A top Madison DJ night teams up with Snaggle Tooth Arts to raise money for Planned Parenthood. Praise! The TV Dinner selectors generally kick things off in the slow lane with a variety of vintage funk, soul, rhythm & blues, bubblegum classics, and more. After an hour or so you can expect a mess of 45s scattered across the stage. The late crowd rolls in and the mix shifts to full-force electro and 80s pop bangers. People actually dance. As the floor fills out the mix gets faster, occasionally dipping into classic house and disco cuts, though never veering out of character. To commemorate the night you can take home a TV Dinner mixtape of all female R&B/hip hop artists, or visit Claire Warhus with Snaggle Tooth Arts for a tattoo from a special flash sheet of lady MC powerhouses. All proceeds from your purchase go to Planned Parenthood, and you feel fly as hell. —Zack Stafford

FRIDAY MARCH 31

Frequency Underground. The Rigby, 10 p.m.

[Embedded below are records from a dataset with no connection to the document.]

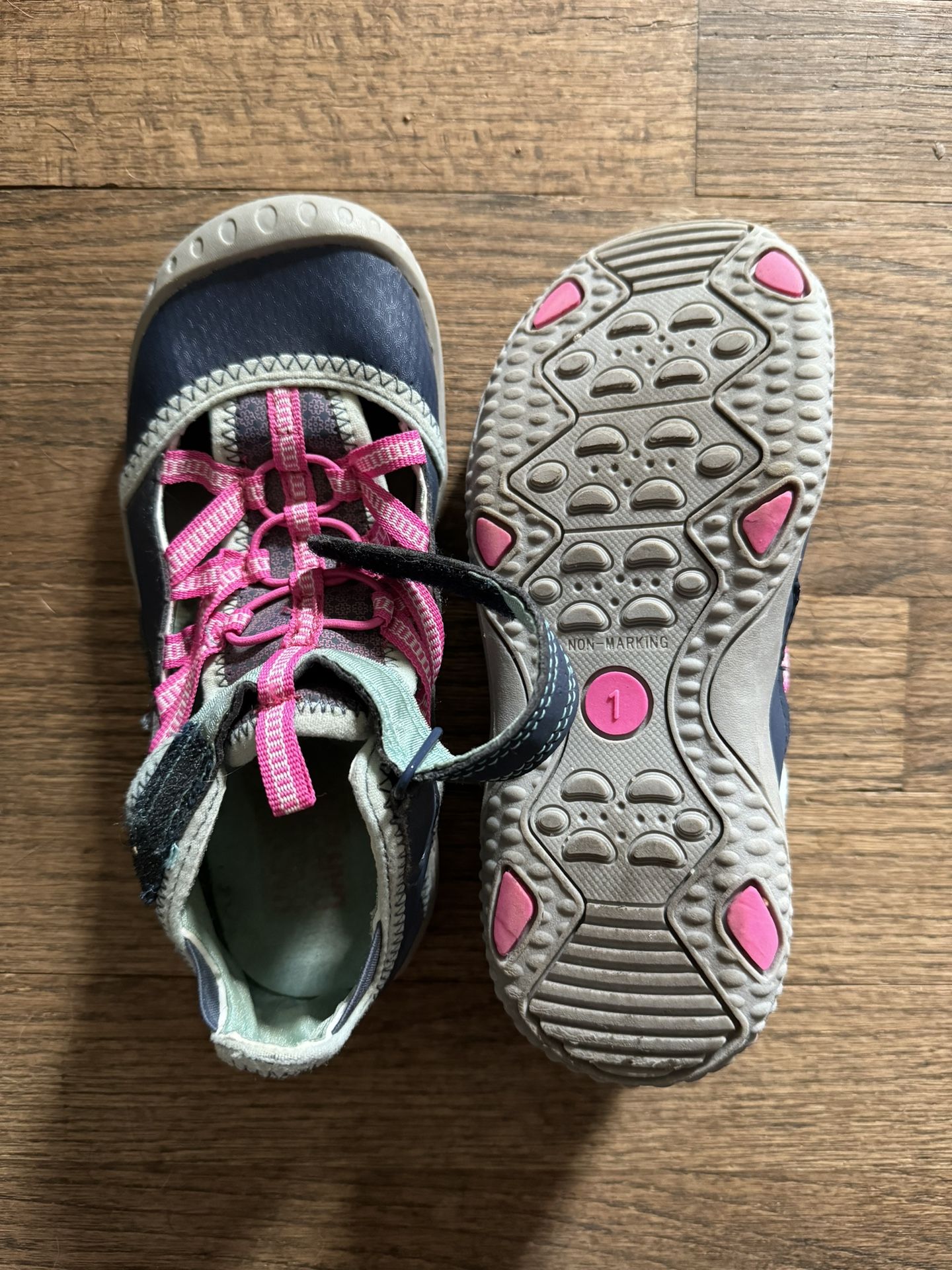 Girls size 1 blue and pink water shoes with Velcro. Easy to put on. Worn only once.
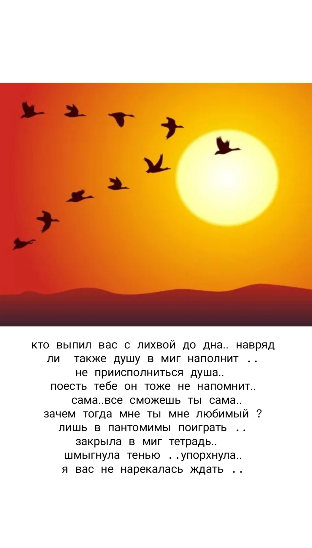 кто выпил вас с лихвой до дна.. навряд ли также душу в миг наполнит ..
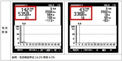 台达电源治理解决方案有效解决该医院面临的电源质量问题,治理后电流波形恢复为正常的正弦波,电压畸变率由1%降低至0.6%,电流畸变率由14.2%降到4.3%,代表电压与电流能够保持稳定,去除谐波对高精密医疗仪器产生的干扰,确保医疗仪器运作稳定可靠,使医护人员能够进行正确治疗,病患得到最完善的医疗照顾,确实降低因电力质量可能导致的医疗风险。
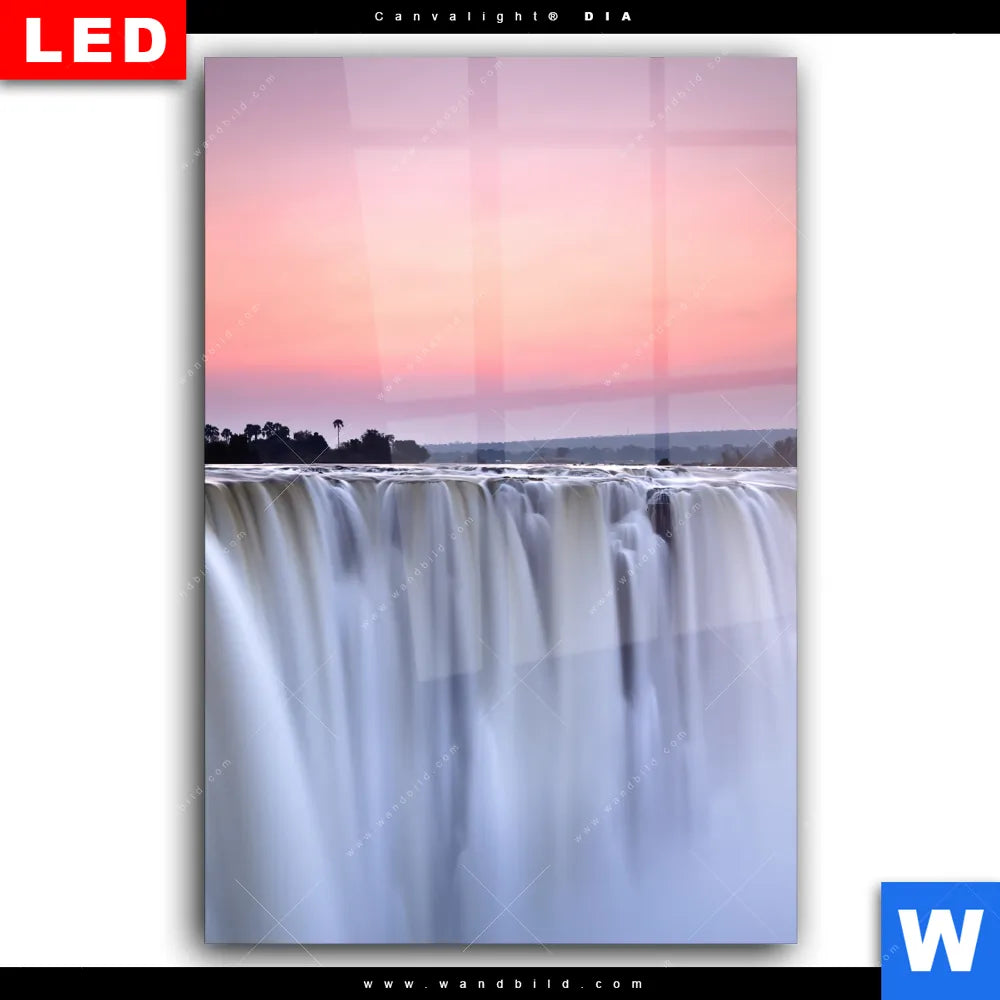 Wechselmotiv Acrylglas Canvalight® DIA | Wasserfall bei Abendröte | Hochformat

Frequency Underground is a recurring residency from house selector Vutall, which continues a strange-but-fine trend of house and techno parties being thrown at Beatle-themed bar The Rigby. For this installment, Vutall is joined by two of the hardest working folks in Madison dance music—potent, but awkwardly-named house DJ GinJahviTis and heady selector and Foshizzle Family co-founder Wangzoom. —JS

Fishbone, Cowboy Winter, Mr. Jackson. High Noon Saloon, 9 p.m.

It’s sad that it’s now impossible not to think of former Minnesota Congresswoman and lifer Tea Party goon Michele Bachmann whenever Los Angeles funk-punk veterans Fishbone resurface into public consciousness. This is, of course, due to the time The Roots played Fishbone’s “Lyin’ Ass Bitch” as Bachmann walked onto the set of The Tonight Show for a softball interview with smarmy weenis Jimmy Fallon. Anyways, little has changed in terms of new material since Fishbone’s last Madison appearance (their most recent outing being the 2014 EP Intrinsically Intertwined), but they have brought longtime guitarist and keyboardist JB Bigham and founding drummer Fish Fisher back onboard, and appear to be touring with two drummers. Considering that this powerhouse has been grinding for nearly 40 years, it keeps getting harder to pass up a chance to see vocalist and sax-shredder Dr. Madd Vibe flip shit on stage. —JS

Jenny Hval, Samantha Glass. Union South Sett, 9 p.m. (free)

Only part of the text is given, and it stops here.